EEOC answers administratively to an appointed commission, like the National Labor Relations Board does. However, boards and commissions are rarely involved in technical and procedural oversight and are more less ceremonial, at the behest of the sitting president who appoints them, during rotation.

Most EEOC cases either involve the Justice Department regulations or the Labor Department regulations.

So, I'm not sure he lied.

Anonymous said...

Doesn't matter much his job category. It does look like he may be an unarmed investigator for EEOC. He could be armed, not relevant. What is relevant is that MAYbe he impersonated a Fed Crim Investigator to avoid arrest for a dangerous DUI incident, which is probably obstruction of justice AND impersonation. Or even if he is an investigator, who appears to lecture on status of Felons for EEOC/Woke employment policy now, he knows very well that it is obstruction of justice and a major professional responsibility issue, beyond even DUI.

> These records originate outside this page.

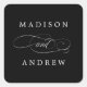 Lindos adesivos de casamento personalizados, com uma fonte elegante e marcadores para os nomes dos casais contra um fundo preto. Use os adesivos personalizados para favores de casamento, selos de envelopes, reservas de sucata e muito mais!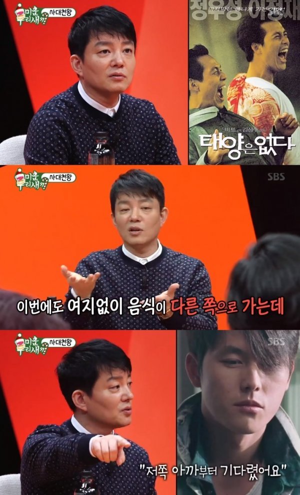 이범수는 “그 때 촬영 스태프들과 함께 식사를 했는데 우리 테이블이 시킨 음식이 계속 다른 곳으로 갔다. 무명 배우들이다 보니 아무도 우리를 챙겨주지 않았다”고 말했다.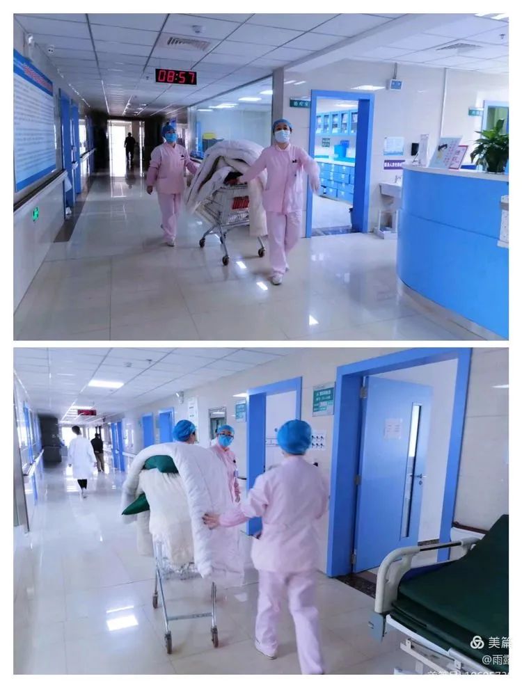为患者准备床铺,别看是娇弱女子,干起活来,其实个个都是女汉子。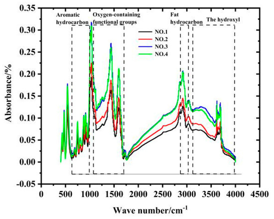 In order to more accurately analyze the source of CO in low-temperature environments, the effect of microstructural changes in the coal body was considered. The changes of the main functional groups in the coal body by water bath at different temperatures were investigated by infrared spectroscopy experiments, and the influence of temperature on the changes in the content of active functional groups in coal was analyzed using the infrared spectrograms of coal samples in tanks 1~4, i.e., raw coal, 30 °C, 40 °C and 50 °C water-bath-heated coal samples. The coal samples from jars 1 to 4 were taken out, crushed, sieved and dried under vacuum at 30 °C to obtain 5 mg of coal samples below 200 mesh by the KBr compression method (Coal sample powder was mixed with KBr powder in the ratio of 1:150 and poured into a bowl to grind and pressed into thin slices with a thickness of about 1 mm using a tablet press). The parameters of the experimental equipment were set as follows: The PoP scanning interval was 400–4000 cm−1, the resolution was set to 4.0 cm−1 and the IR spectra of each sample were scanned 30 times. The IR spectra of the raw coal and the coal samples treated with different temperature water baths were extracted separately, as shown in Figure 4.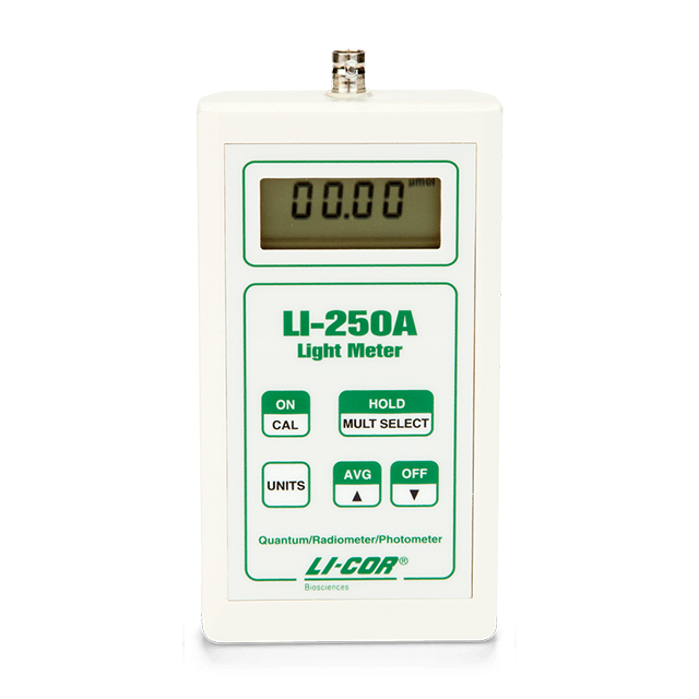 The LI-250A is a portable meter that displays the output from any LI-COR light sensor that has a cable terminated with a BNC connector. It shows instantaneous values or 15-second averages of values from a sensor.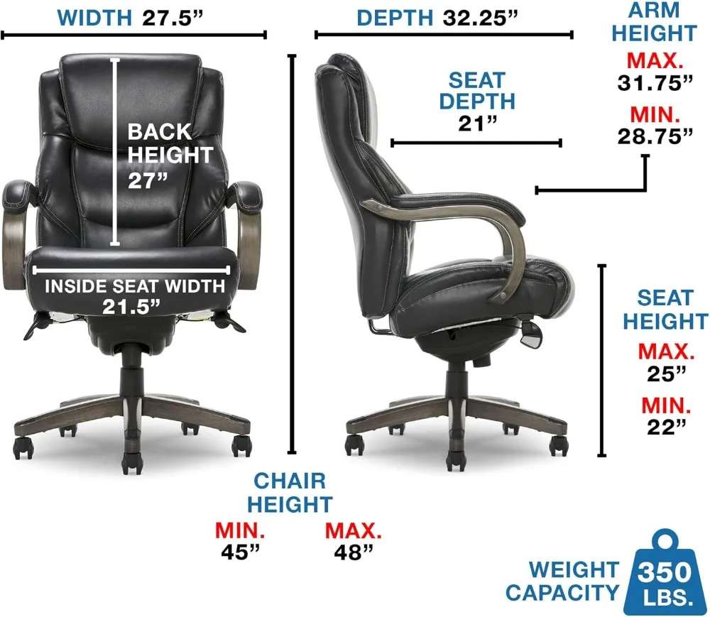 • BIG AND TALL DESIGN: 45- to 48-inch height range and 21-3/4-inch seat width. Sturdy components surpass rigorous BIFMA testing standards and supports up to 350 pounds.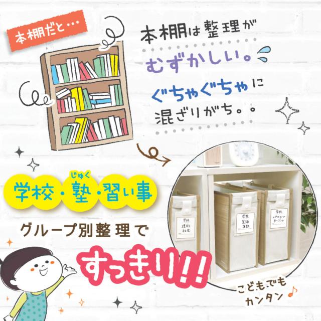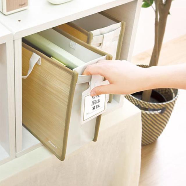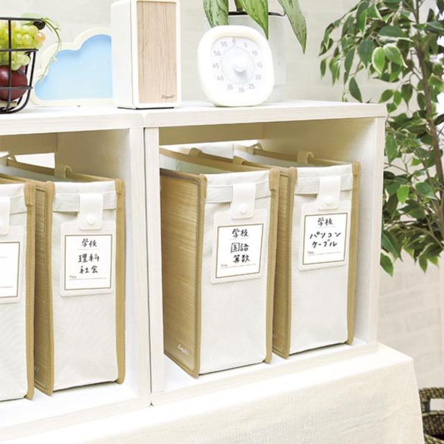 教科書やノート、ファイルや辞書など勉強に必要なものを、本棚に整理・整頓してきれいに保つことはなかなか難しいですよね。このバッグを使えば、学校・塾・習い事などの用途別や、教科別に分けて整理することですっきり片付きます。バッグの側面には、分類用のタグが付いているので、必要なものが一目で分かります。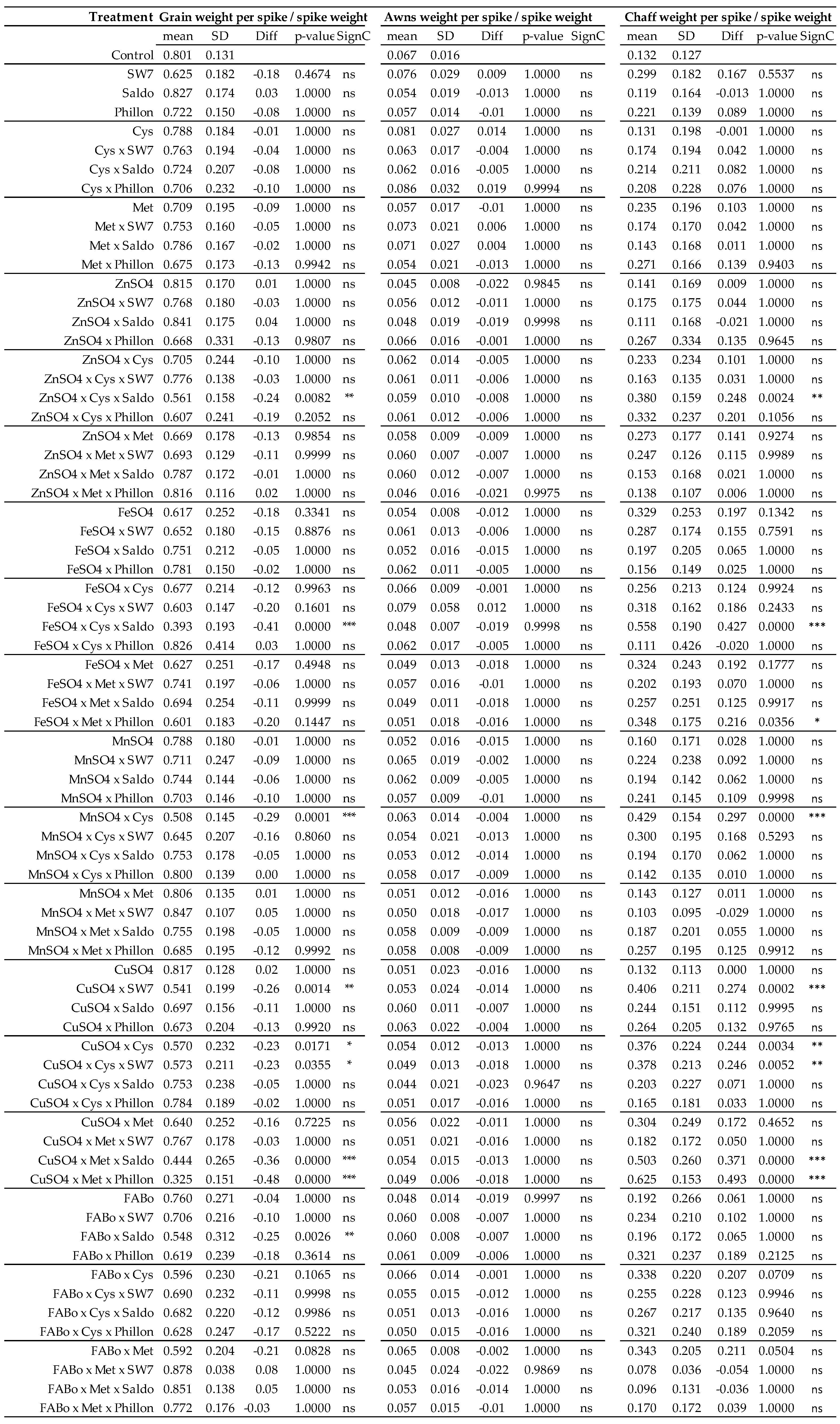 - Klikocka, H.; Marks, M. Sulphur and nitrogen fertilization as a potential means of agronomic biofortification to improve the content and uptake of microelements in spring wheat grain DM. J. Chem. 2018, 2018, 9326820. [Google Scholar] [CrossRef]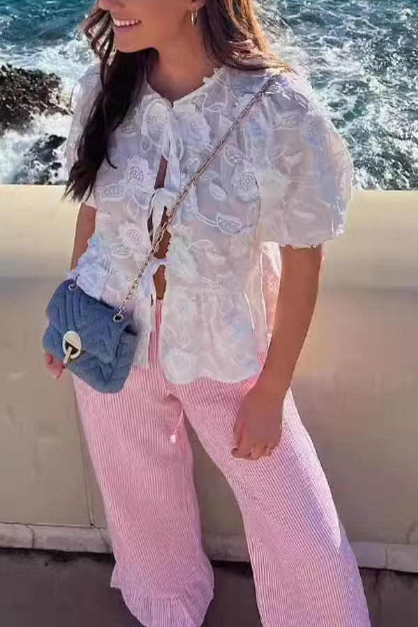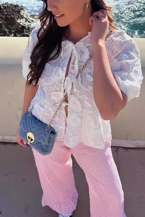 White Lace Design with Bow Tie Niche French Long-sleeved Shirt
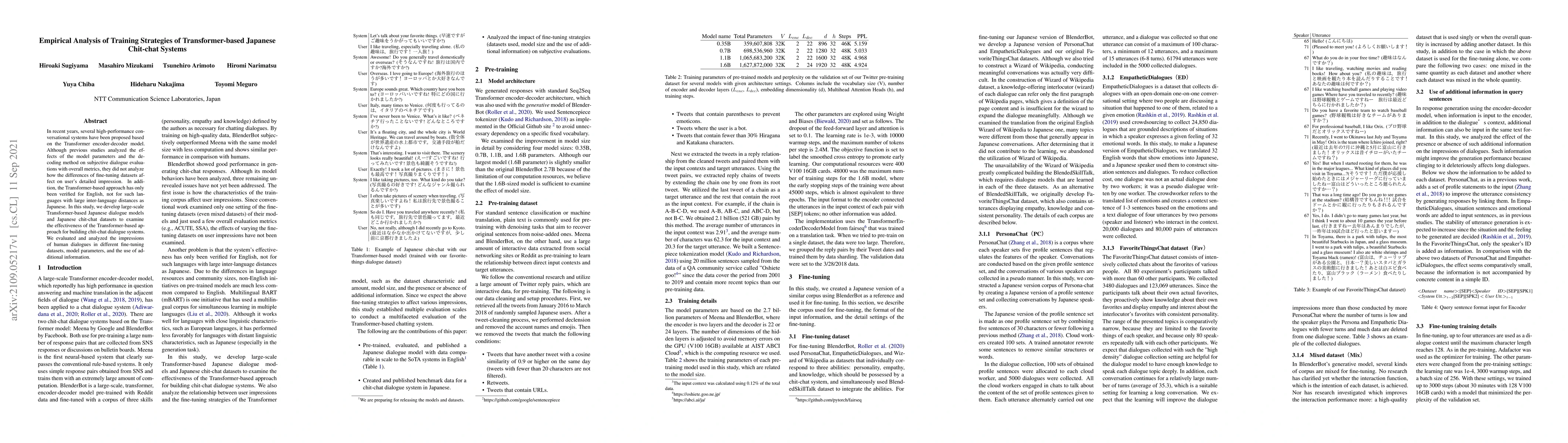 This study develops large-scale Transformer-based Japanese dialogue models and datasets to evaluate the approach's effectiveness for chit-chat systems. It analyzes human impressions of dialogues in various fine-tuning datasets, model parameters, and additional information usage.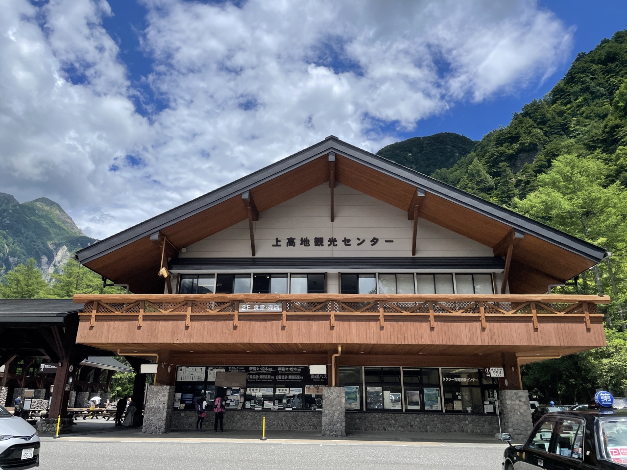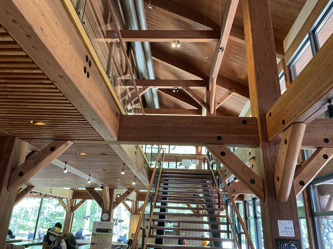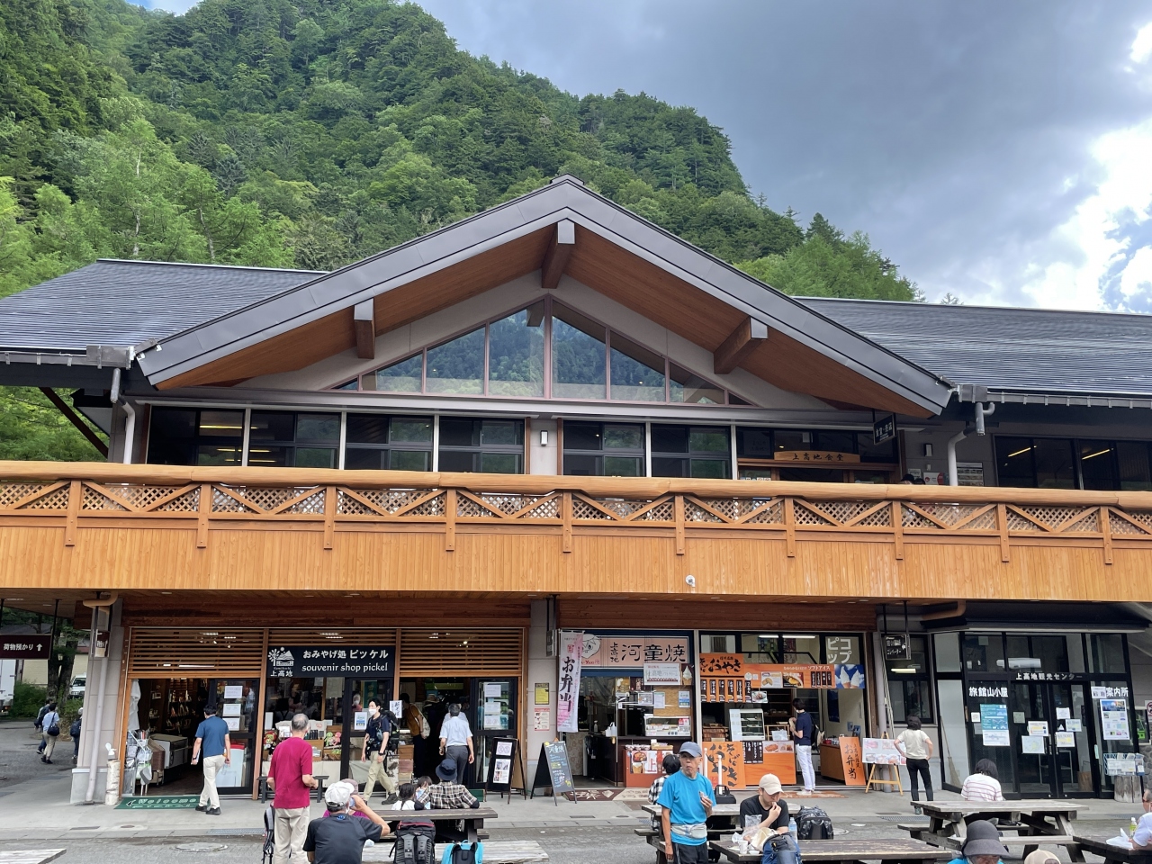 上高地バスターミナルに隣接する建物で、1階にたくさんのベンチが並んでおり、「黙食」と貼ってあるものの、飲食は可能なようです。私たちが行った時2階では上高地を写した写真展を開催していました。外側にも建物に沿って並ぶようにベンチが置かれています。フリーwifiも使えました。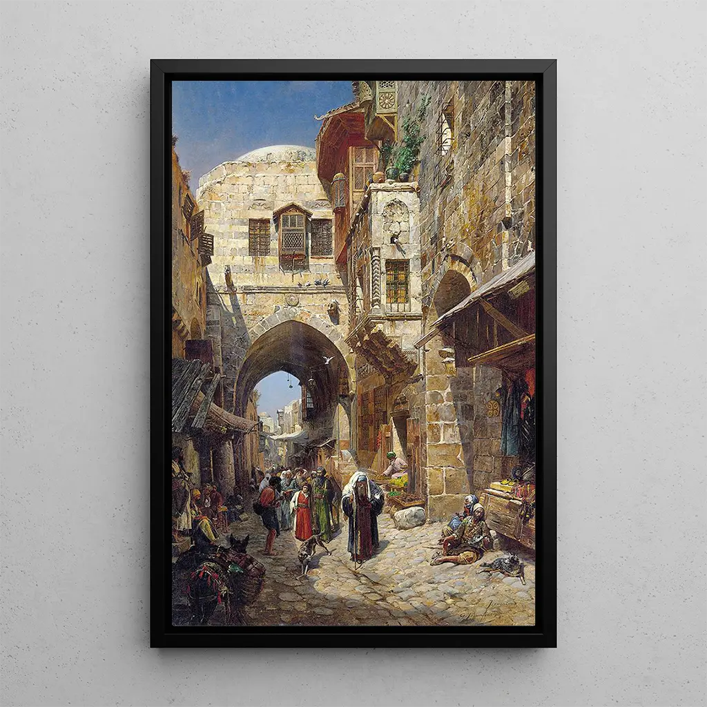 Gustav Bauernfeind, tysk målare född 1848, är erkänd för sina verk som fångar essensen av landskap och vardagsscener i Orienten. Påverkad av impressionismens rörelse, utvecklade han en unik stil som förenar precision och känsla. Hans karriär ägde rum huvudsakligen i slutet av 1800-talet, en period präglad av ett växande intresse för orientaliska kulturer i Europa. Bauernfeinds resor till Heliga landet påverkade hans konst djupt, vilket gav honom möjlighet att fånga ljuset och färgerna i en värld som var både främmande och bekant. Hans verk, inklusive Rue David, vittnar om denna fascination för Orienten.
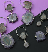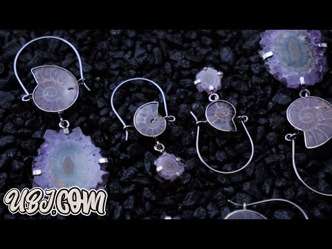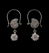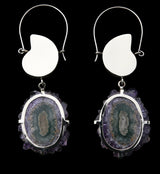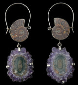 Natural ammonite and stalactite titanium hangers. Beautifully designed with natural ammonite fossil and stalactite mineral. Made from brass & titanium with an ASTM f-136 titanium clasp. 18G. Choose your size: Mini, S, M, L. All lengths are approximate depending on the item due to hand made status! Sold in pairs (2 pcs).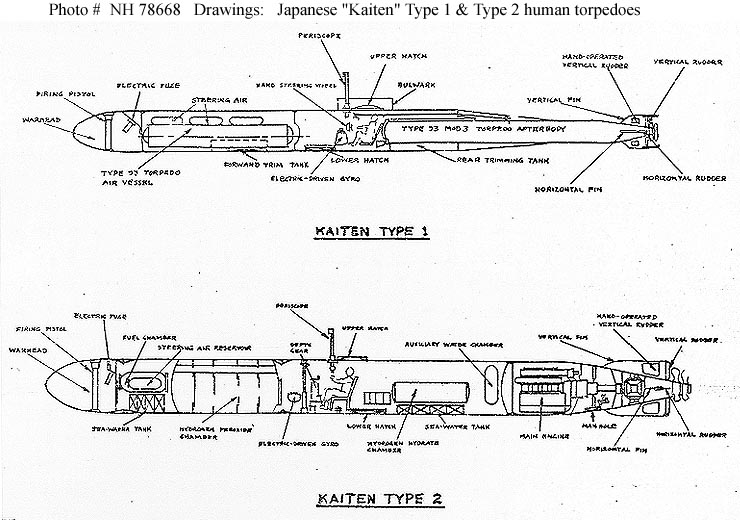 Photo #: NH 78668 Japanese Human Torpedoes: "Kaiten" Type 1 (top) and "Kaiten" Type 2 (bottom) Sketch inboard profile plans, 1945. Copied from "Extracts from Small Battle Units of Foreign Powers, Appendix III: Japanese Midget Submarines and Explosive Motor Boats", page 40 (top). U.S. Naval Historical Center Photograph. Online Image: 92KB; 740 x 520 pixels |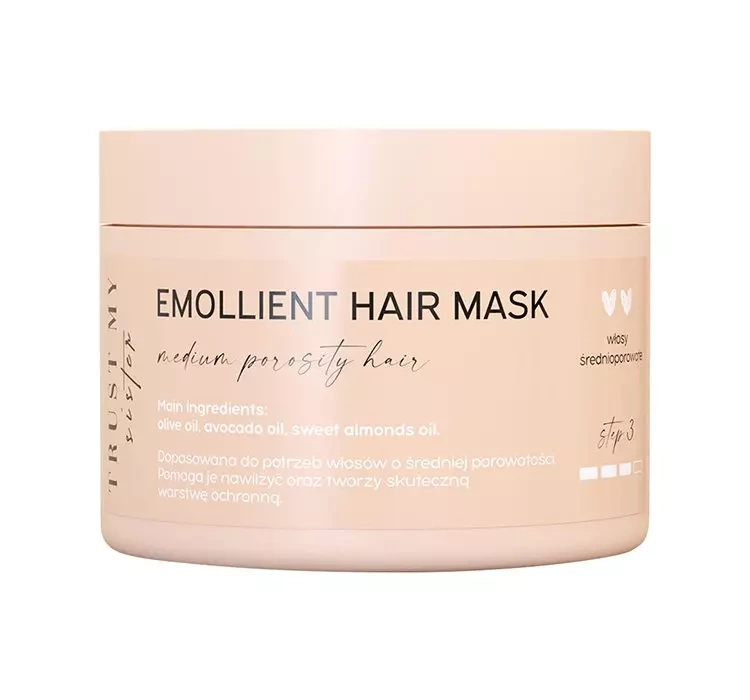Смягчающее маска Trust My Sister для волос со средней пористостью в своей формуле содержит специально подобранные активные ингредиенты, такие как оливковое масло и масло макадамии, авокадо и сладкого миндаля. Косметическое средство предотвращает пушистость и жирность волос, а также улучшает их эластичность.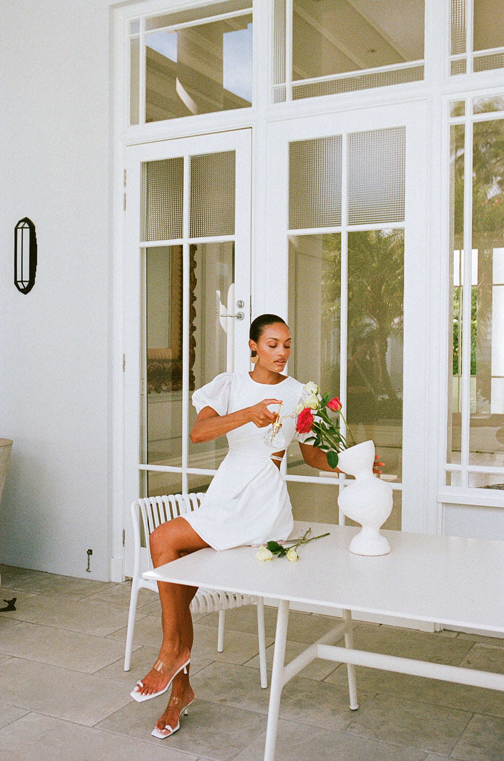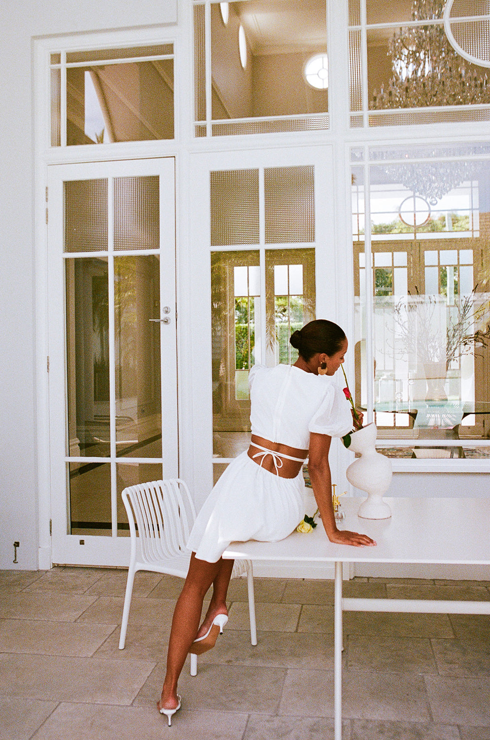 An ultra feminine style with a flattering silhouette! The Anabelle Cutout Dress is made from a knit mesh fabric in white. It features unlined sheer short puff sleeves, high rounded neckline, cutouts at waist with wrap tie at waist and a full, flouncy mini skirt. Dress it up with the Rosaria Heels for your next event! Designed exclusively by Sabo.

If he refused medical treatment possibly to go to another medical facility to avoid blood draws for DUI, then that is somewhat furtive behavior that might not help his case.

Either way, the Office of Inspector General or the Office of Professional Responsibility will have interest I think. And then there's Giglio as far as his position and future testimony, which affects meeting conditions of employment. Maybe.

Advice: don't BS the cops, don't deceive them, bail out, then get to AA and Employee Assistance ASAP, and get a good lawyer. And don't get on a organ donor vehicle drunk in the first place. Good for RezPo. He might lose his job, but he didn't lose his life. Or, take a life. At least yet. Booze again. But, geez, booze and biking??? Uber!!!

Anonymous said...

Anti-Employer for sure. From the very get-go of any complaint, it becomes the employer's obligation to prove innocence.

Anonymous said...

Does sneaking out of the hospital count as escaping custody?

The Goon Squad does indeed cast a long shadow.

Anonymous said...

Boozed up at 4PM... ??

Anonymous said...

@11:25 - Saturday during college football season. He started at 11:00am.

Anonymous said...

0.14 BAC at 4:00 in the afternoon. This guy thinks he knows how to party.

anonymous said...

rankin co sheriffs office has concurrent jurisdiction over all lands of the PRVWSD. those 2 little teeny bopper reservoir cops couldn't make a case if it happen right in front of them. there is a lot more to this story. people need to understand that the PRVWSD is not a city, .......it is not a county.....its a stinking administrative agency , created by the horse and buggy ms legislature, and is run by political appointees who do not answer to the voters. its the worst thing the ms legislature ever did.............and that is really saying something.

Anonymous said...

Boy, 10:01 - You do carry on don't you. I counted seven times you changed subjects in that rant. You really need to see a psych professional about that.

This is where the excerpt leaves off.